Barneys New York is ready to give its big luxury brethren a run for their money in the e-commerce wars.
The department store company knows luxury customers demand beautiful presentation and personalized service, and that that applies online as well as to its stores. With that in mind, Barneys re-launched its e-commerce sites last Friday, proclaiming them to be the first by a luxury retailer to use so-called “responsive design”—a state-of-the-art approach to web design that optimizes e-commerce sites across a panoply of devices—that it says greatly enhances product presentation online and allows better personalization of content to an individual’s tastes.
Barneys New York, which operates nine department stores and 21 other stores, is a relative latecomer to e-commerce among luxury department stores, only getting serious about e-commerce in the last four years. But it now gets somewhere between 15% and 20% of its sales via digital channels, compared to very little back in 2011, putting it roughly on a par with bigger rivals, Nordstrom (JWN) and Neiman Marcus, two e-commerce masters that get 18% and 21% of sales from e-commerce respectively.
Those two retailers, as well as Saks Fifth Avenue and Macy’s Inc’s (M) Bloomingdale’s stores are all engaged in an arms race to keep offering finicky luxury shoppers the next big thing in e-commerce, putting pressure on Barneys, with its more modest resources (annual revenue is estimated to be about $1 billion, versus more than $12 billion at Nordstrom), to keep pushing. Indeed, Nordstrom is set to spend billions in the next five years on e-commerce, while Neiman Marcus is also pushing the boundaries: for instance, in October introduced a Shazam-like visual search-and-purchase mobile app called “Snap. Find. Shop.”

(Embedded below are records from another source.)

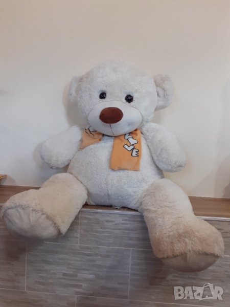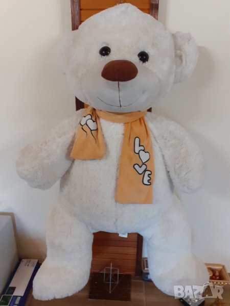 Продавам голяма бяла плюшена мечка със жълт шал със надпис - LOVE
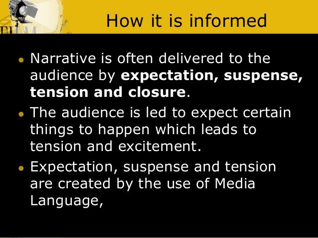 - 10. How it is informed Narrative is often delivered to the audience by expectation, suspense, tension and closure. The audience is led to expect certain things to happen which leads to tension and excitement. Expectation, suspense and tension are created by the use of Media Language,
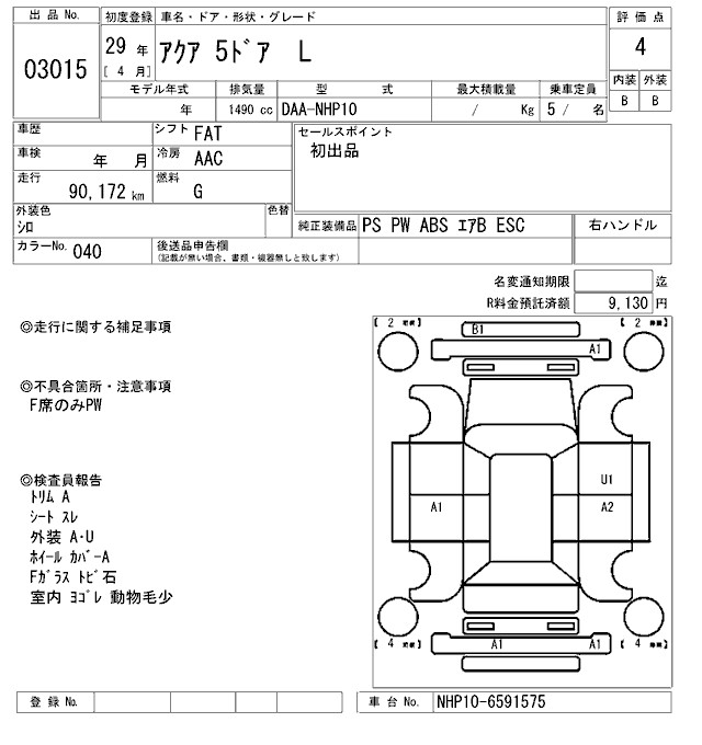 TOYOTA AQUA - лот 3015

Barneys executives say its new web sites — for its full-price Barneys.com business, its off-price Barneys Warehouse site, and its The Window editorial website featuring magazine-style articles and photo layouts — are game-changers that put Barneys in the lead in some key aspects of e-commerce for upscale chains. One key advantage of “responsive design” is that it reduces the need for re-sizing, and scrolling in search of the best view of a product, key to holding a shopper’s attention and to sending tailored messages to customers.
“We don’t want to waste people’s time. If we show them things (on the sites) they’re absolutely not interested in, they’re not staying and buying,” Daniella Vitale, Barneys Chief Operating Officer, told Fortune in a phone interview from Milan. “We want to make sure our experience is more customized and personal.”

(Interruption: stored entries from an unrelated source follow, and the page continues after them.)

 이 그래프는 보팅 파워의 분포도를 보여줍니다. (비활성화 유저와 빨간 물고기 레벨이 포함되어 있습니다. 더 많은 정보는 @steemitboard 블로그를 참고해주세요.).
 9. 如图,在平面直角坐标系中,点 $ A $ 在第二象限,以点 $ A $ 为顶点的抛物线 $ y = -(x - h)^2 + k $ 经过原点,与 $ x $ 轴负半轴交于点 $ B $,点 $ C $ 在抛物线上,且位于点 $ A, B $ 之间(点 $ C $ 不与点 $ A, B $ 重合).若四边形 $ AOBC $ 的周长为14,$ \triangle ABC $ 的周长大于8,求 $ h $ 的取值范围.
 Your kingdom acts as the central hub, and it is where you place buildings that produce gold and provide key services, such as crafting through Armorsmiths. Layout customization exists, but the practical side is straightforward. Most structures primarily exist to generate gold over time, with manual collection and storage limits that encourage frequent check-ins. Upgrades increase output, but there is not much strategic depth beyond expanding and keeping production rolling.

Personalization has become a holy grail of sorts for retailers eager to be heard above the din. But stores know they need to go well beyond Amazon.com’s (AMZN) recommendations, which are largely based on what other people who’ve bought the same thing as you also purchased. Barneys new web sites incorporate what a shopper has bought in store, not just on its sites, since those buying patterns can differ from online behavior. For instance, few people may buy a $50,000 necklace on line, but they will certainly browse for jewelry Barneys web site.

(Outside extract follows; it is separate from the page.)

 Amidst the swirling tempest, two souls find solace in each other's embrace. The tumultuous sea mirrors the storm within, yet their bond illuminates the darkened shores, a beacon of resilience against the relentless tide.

Of course, Barneys will face tough competition on the personalization front: last fall, Neiman introduced the “MyNM” dashboard on its website in October, while Nordstrom bought menswear service Trunk Club in August to hone its personalization skills. Yet, e-commerce experts say personalization has been tough to crack for even the best retailers, which relatively few shoppers logged on at all times.
“It’s like clienteling,” says Sucharita Mulpuru-Kodali, principal analyst at Forrester Research. “If someone is a huge fan of a particular brand, personalization can be useful. But it’s a lot of work for not a lot of return.”
The goal for Barneys is not just to make recommendations based on past purchases, but to look forward and use the info to suggest up-and-coming brands that it thinks might be a good match. In an increasingly crowded luxury space, it is key for Barneys to differentiate itself by being the retailer that puts more of the spotlight on emerging designers.
“It’s why people come to us. It’s core to our brand DNA,” said Matthew Woolsey, the retailer’s executive vice president of digital. Barneys is after all the store where top luxury designer brands Proenza Schouler, Dries van Noten and Armani got their U.S. starts. To that end, Barneys new site has a “my designers” feature that lets users choose their favorite designers, filter any page to get emails that are based on their preferences.
But more important for a luxury retailer, Mulpuru-Kodali says, is the need to make sure the photographs and editorial content are top-notch. Which takes us back to the “responsive design” of the sites, which ultimately is about making sure the websites entice.
The sense of discovery and making customers feel like they’re in the know in fashion is part of why a big component of this digital reboot for Barneys was aimed at taking information from The Window, which is not advertorial content, but about 10 articles a week, and integrating it more with the e-commerce site. That allows people to buy what they’re reading about. But more important, it helps drive traffic to the e-commerce site. The company says that visitors to the The Window site are 15 times more likely to shop at barneys.com than other visitors to the site, and spend 40% more.
“We can’t be all things to all people,” Vitale said. “So we are focused on cultivating our influencers.”